The Company has federal R&D credit carryforwards of approximately $328,000 which will begin to expire in 2041 and state R&D credit carryforwards of approximately $267,000 which do not expire.

The utilization of NOLs and tax credit carryforwards to offset future taxable income may be subject to an annual limitation as a result of ownership changes that have occurred previously or may occur in the future. Under Sections 382 and 383 of the Internal Revenue Code (“IRC”) a corporation that undergoes an ownership change may be subject to limitations on its ability to utilize its pre-change NOLs and other tax attributes otherwise available to offset future taxable income and/or tax
liability. An ownership change is defined as a cumulative change of 50% or more in the ownership positions of certain stockholders during a rolling three-year period. The Company has not completed a formal study to determine if any ownership changes within the meaning of IRC Section 382 and 383 have occurred.

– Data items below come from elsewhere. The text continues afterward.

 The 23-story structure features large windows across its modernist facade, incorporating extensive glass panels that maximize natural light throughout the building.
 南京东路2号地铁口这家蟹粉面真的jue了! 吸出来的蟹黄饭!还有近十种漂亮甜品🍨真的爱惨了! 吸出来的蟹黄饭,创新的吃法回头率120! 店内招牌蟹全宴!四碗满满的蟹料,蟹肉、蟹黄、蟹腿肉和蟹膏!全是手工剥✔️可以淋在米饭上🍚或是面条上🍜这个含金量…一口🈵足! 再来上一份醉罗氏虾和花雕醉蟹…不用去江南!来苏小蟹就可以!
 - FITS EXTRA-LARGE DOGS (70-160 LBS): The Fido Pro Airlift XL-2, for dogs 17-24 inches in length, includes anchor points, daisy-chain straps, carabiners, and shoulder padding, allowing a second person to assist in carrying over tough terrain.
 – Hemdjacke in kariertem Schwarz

If an ownership change has occurred, the Company’s ability to use its NOLs or tax credit carryforwards may be restricted, which could require the Company to pay federal or state income taxes earlier than would be required if such limitations were not in effect.

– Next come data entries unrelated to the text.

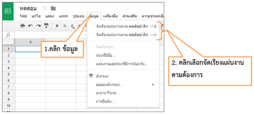 5. เครื่องมือจัดเรียงแผ่นงาน เมื่อไปที่เมนู ข้อมูล (Data) จะสามารถ จัดเรียงแผ่นงานให้เรียงลำดับตามตัวอักษรได้ เหมาะสำหรับ การจัดการข้อมูลที่มีลักษณะเป็นรายชื่อ
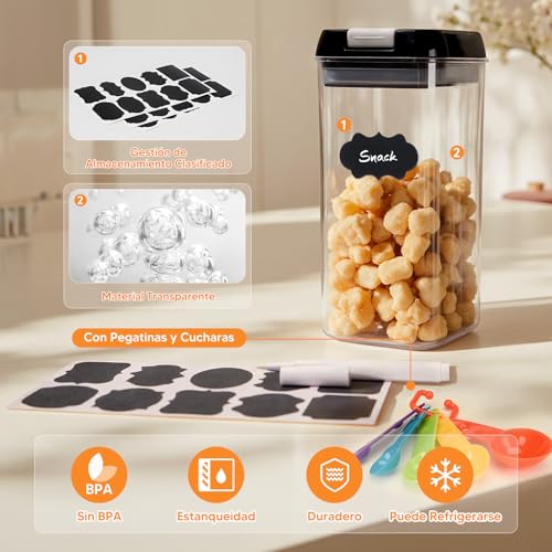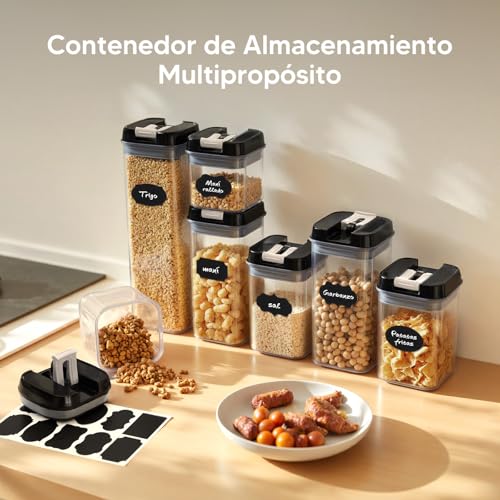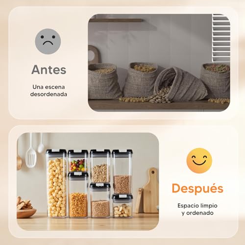 - ✅【Premium Set】These kitchen jars with locking lid are the perfect gift for your loved ones. They are ideal plastic containers for keeping dry goods such as sugar, cereal, flour and snacks fresh. The improved closure system also facilitates the storage of liquids.
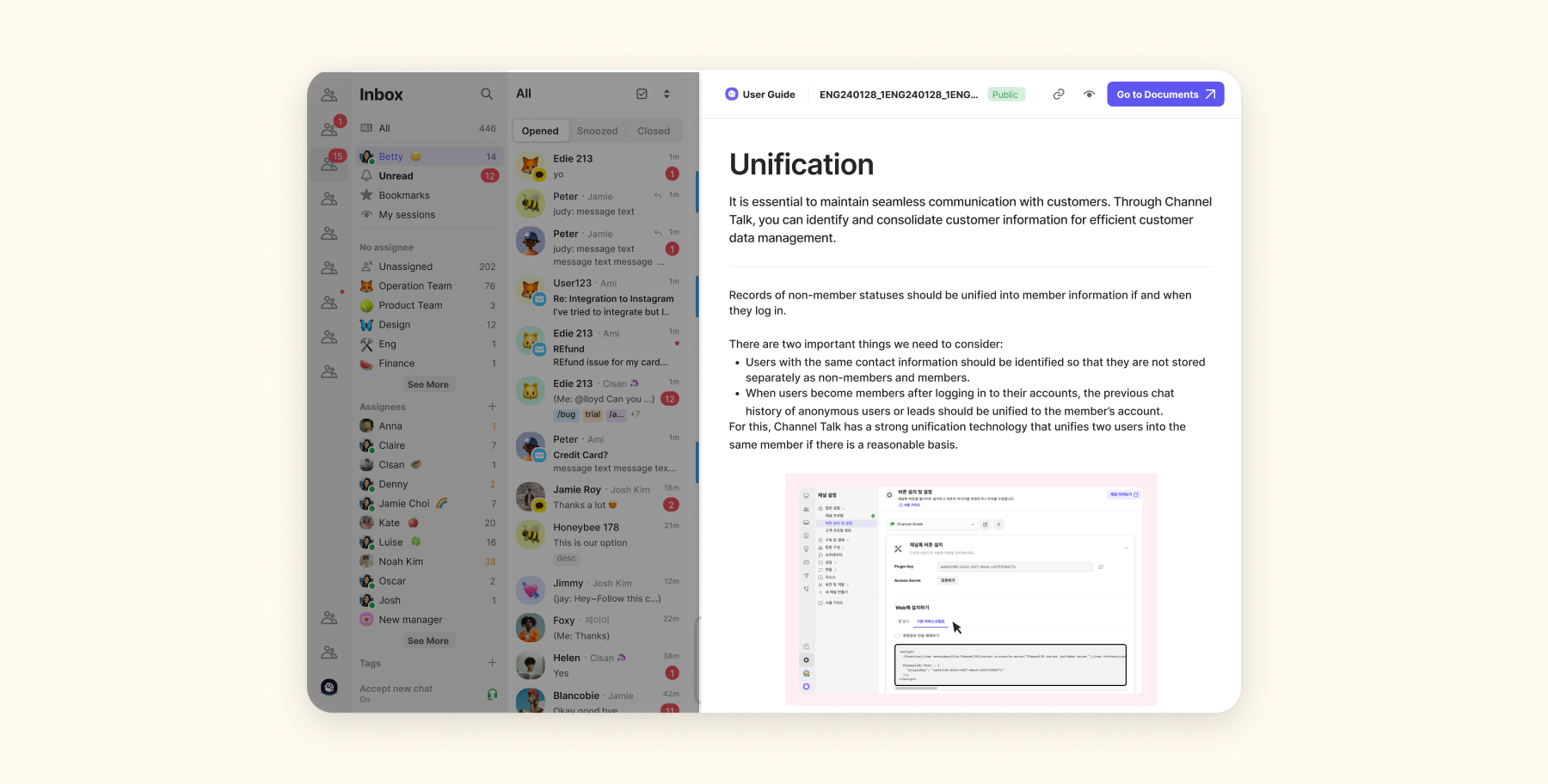 If they find that the article cited in the ALF answer needs to be updated, they can modify it in real time and update the information in the user chat screen without having to go to the document menu.

Effective for tax years beginning after December 31, 2021, taxpayers are required to capitalize any expenses incurred that are considered incidental to research and experimentation (“R&E”) activities under IRC Section 174. While taxpayers historically had the option of deducting these expenses under IRC Section 174, the December 2017 Tax Cuts and Jobs Act mandates capitalization and amortization of R&E expenses for tax years beginning after December 31, 2021. Expenses incurred in connection with R&E activities in the US must be amortized over a 5-year period if incurred, and R&E expenses incurred outside the US must be amortized over a 15-year period. R&E activities are broader in scope than qualified research activities considered under IRC Section 41 (relating to the research tax credit). For the year ended December 31, 2022, the Company performed an analysis based on available guidance and determined that it will continue to be in a loss position even after the required capitalization and amortization of its R&E expenses. The Company will continue to monitor this issue for future developments, but it does not expect R&E capitalization and amortization to require it to pay cash taxes now or in the near future.

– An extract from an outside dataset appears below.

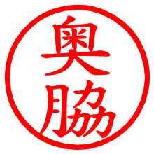 [朱肉の色]を選び、入力窓に“奥脇”と入力して[生成]ボタンを押すと、印影が更新され、リンクから電子印鑑(デジタル印影)がダウンロードできます。 電子印鑑「奥脇」の作り方文字表示が変なときや、文字バランスが悪いときは[字形切替]のチェックボックスでON/OFFを切り替え[生成]しなおしてください。 生成される画像は通常の印影「奥脇.png」と、にじみを表現した少し太めの印影「奥脇B.png」の背面透過PNG形式2種と、鮮明なPDF形式の印影「奥脇.pdf」の計3種類です。 朱肉の微妙な色の違いを7色で表現しました。デフォルト(左端)は、JISが定めた朱肉の色のマンセル値(7.5R 5/14)をRGB値(217,66,54)に変換したものになっています。 「電子透かし」にチェックを入れて[生成]ボタンを押すと、タイムスタンプを電子透かしとして埋め込んだセキュアな電子印鑑が作れます。詳細は別ページの「タイムスタンプと電子透かし」でご覧ください。 奥脇さんの日付印が作れます。「日付スタンプメーカー」は、社内向けの書類に利用されることの多い日付印(データ印)が無料で作れるWebアプリケーションです。中段に日付が入り、上段と下段は、ともに8文字まで文字が入ります。 ![]() 古代文字で落款印が作れます。「落款スタンプメーカー」で作品を引き立たせる落款印が作れます。
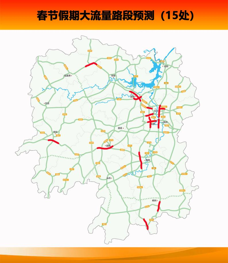 春节假期小型客车实施免费通行政策,短途探亲旅游流量增幅大。假期省内大流量路段主要集中在:G5513长张高速长沙段、益阳段、张家界段;G4京港澳高速长沙段、湘潭段、郴州段;G60沪昆高速湘潭段、邵阳段、怀化段;G0421许广高速湘潭段、衡阳段、郴州段;G6021杭长高速长沙段;S20平洞高速益阳段;S50长芷高速长沙段。

The total amount of unrecognized tax benefits as of December 31, 2022 is approximately $178,000, which relates to federal and state R&D credits. If recognized none of the unrecognized tax benefits would affect the effective tax rate.

The Company's policy is to account for interest and penalties as income tax expense. As of the December 31, 2022 the Company had no interest related to unrecognized tax benefits. No amounts of penalties related to unrecognized tax benefits were recognized in the provision for income taxes. We do not anticipate any significant change within twelve months of this reporting date.

The Company files income tax returns in the U.S. federal jurisdiction and various state jurisdictions, with varying statutes of limitations. The tax years from inception through 2022 remain open to examination due to the carryover of unused net operating losses that are being carried forward for tax purposes.